I will never put the camera down ever. hahaha


----------



## dixieland (Aug 14, 2009)

:rofl: HAHAAA! How old is your son?


----------



## buzhunter (Sep 3, 2007)

We got a rule in my family, you gotta kiss your fish on the lips before you throw 'em back and only my youngest will do it cause he's a natural born freak like dad lol. Great stuff.


----------



## DueceAddicTed (Sep 28, 2009)

Lolll !! I love this vid hahaha .....


----------



## aimee235 (Apr 29, 2007)

Aww. Your kids are soo cute!


----------



## redog (Oct 14, 2005)

Kyle cracks me up everyday with his antics
Dixie He just turned 17
and Aimee, thats easy for you to say cuz you dont have to live with 'em hahahaha


----------



## redog (Oct 14, 2005)

buzhunter said:


> We got a rule in my family, you gotta kiss your fish on the lips before you throw 'em back and only my youngest will do it cause he's a natural born freak like dad lol. Great stuff.
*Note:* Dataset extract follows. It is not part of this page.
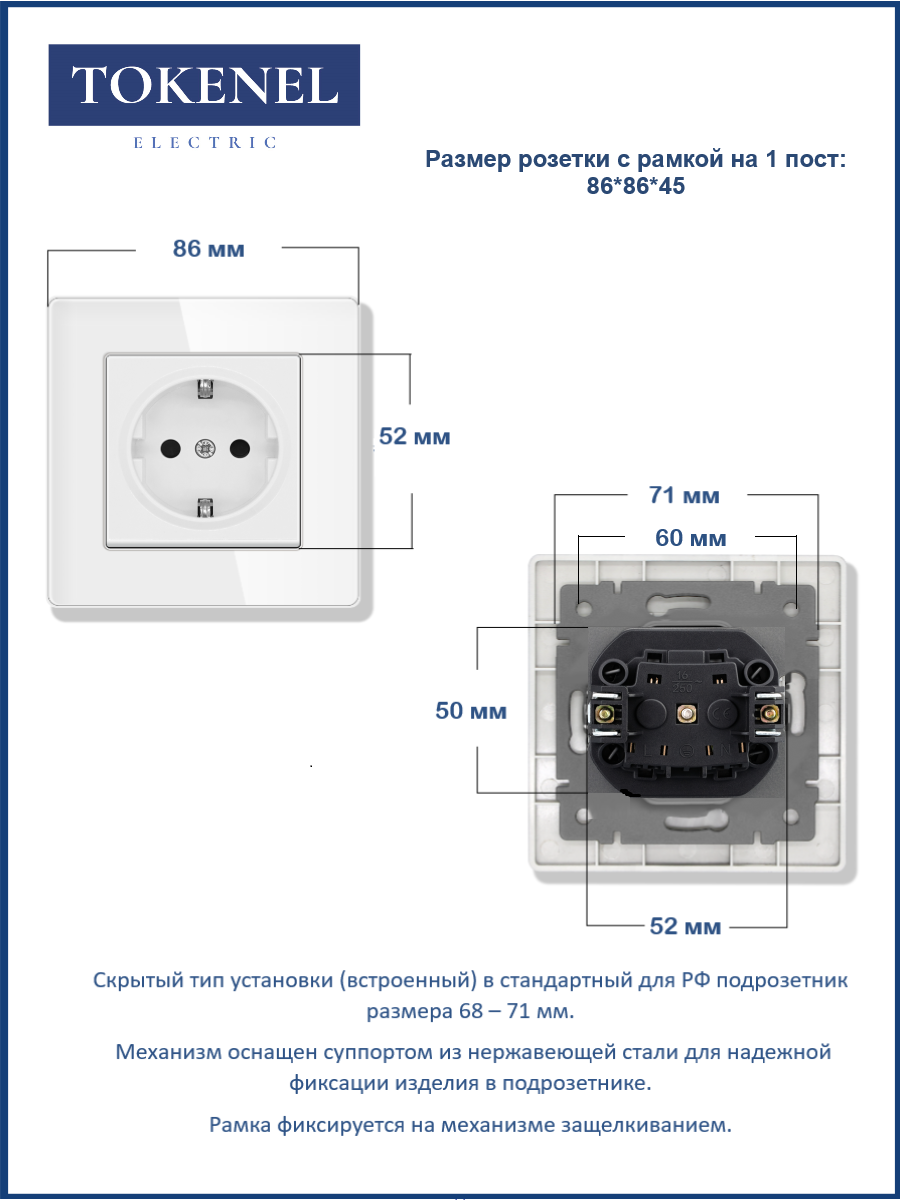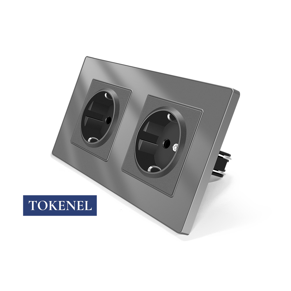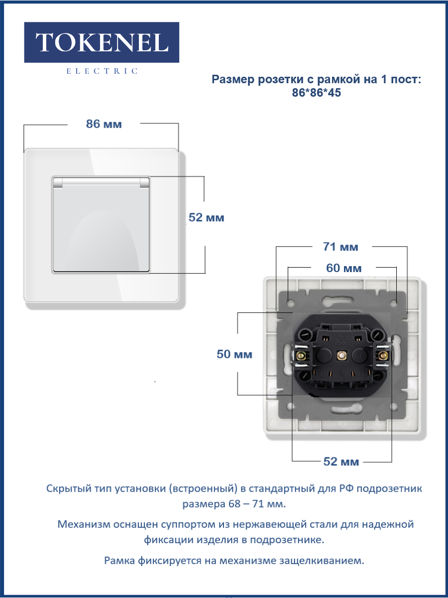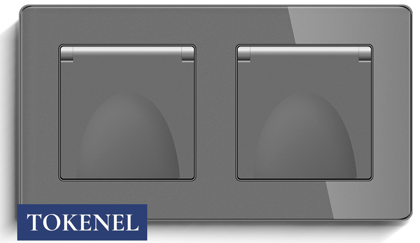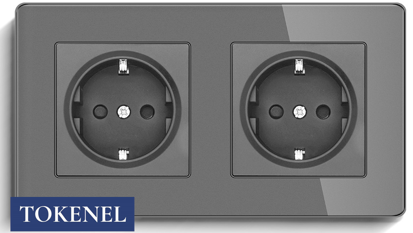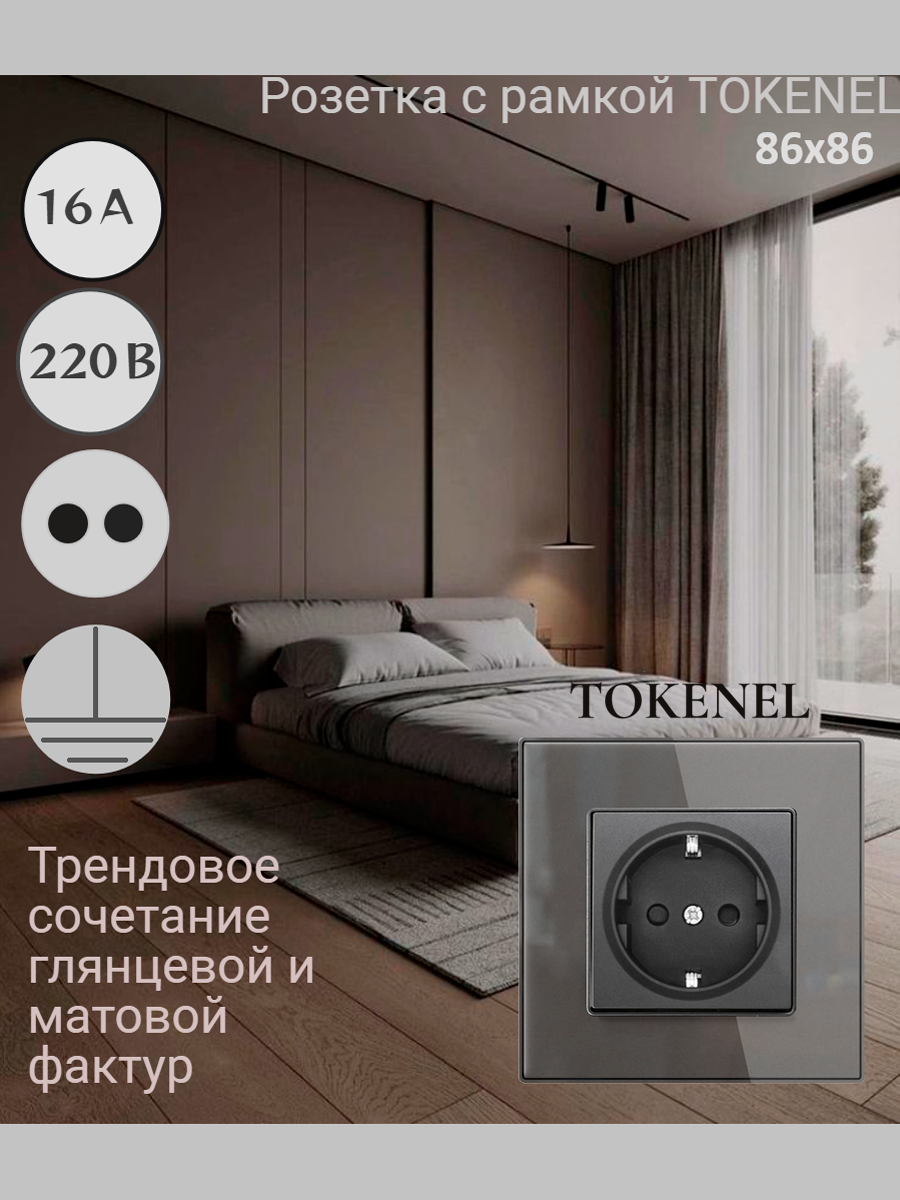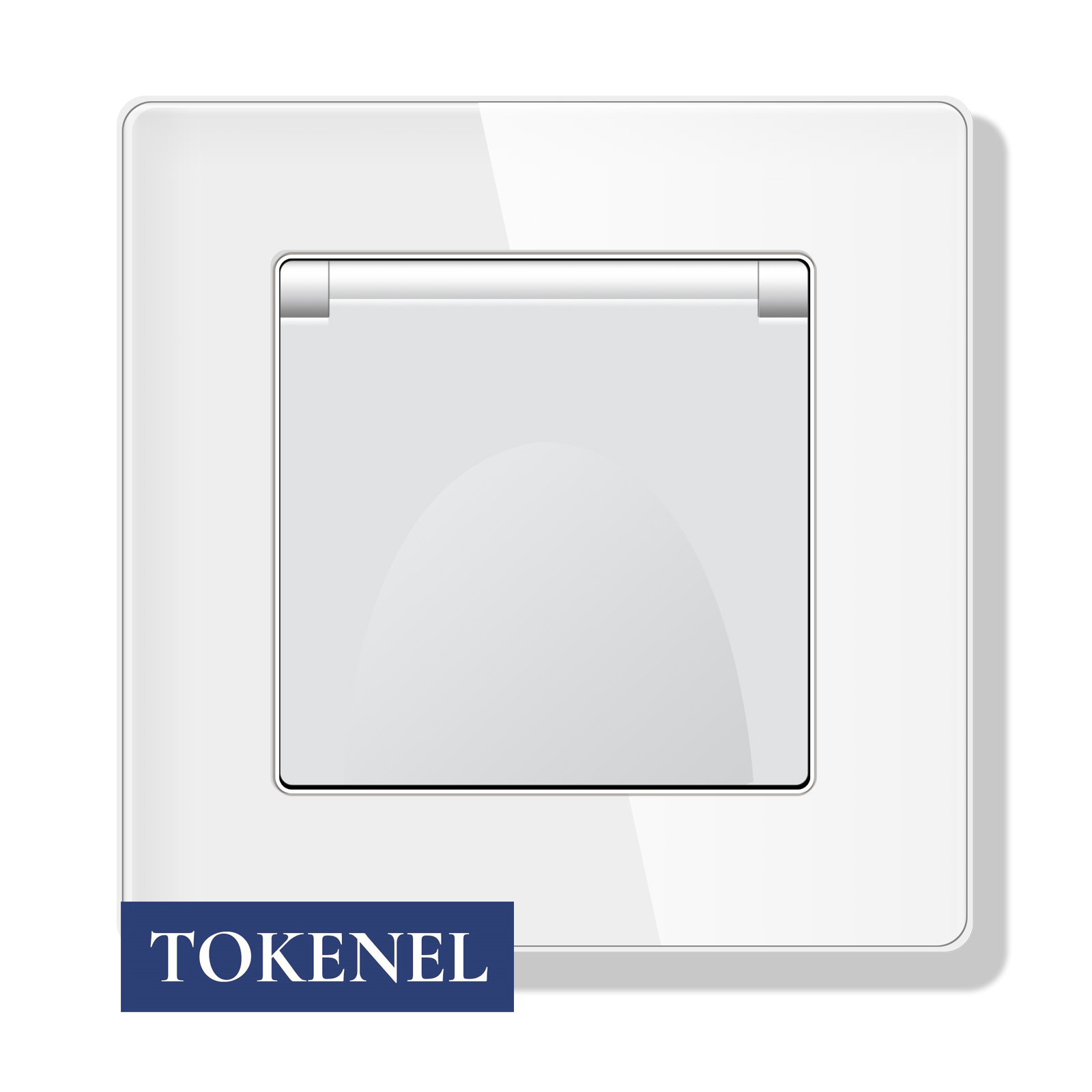 T0000901500/ Розетка встраиваемая TOKENEL электрическая с заземлением и защитными шторками, рамка 86х86 мм, 16A, акриловое стекло, белая

gotta live by the rules. my favorite rule is "if you kill it you have to eat it". you wouldnt beleive some of the things he has eaten in his life time, worms, ants and most everything a kid is tempted to torture. now hes a great sportman chooses his prey carefully lol


----------



## aimee235 (Apr 29, 2007)

lol. Everyone says my kids are cute too and I think the same thing!


----------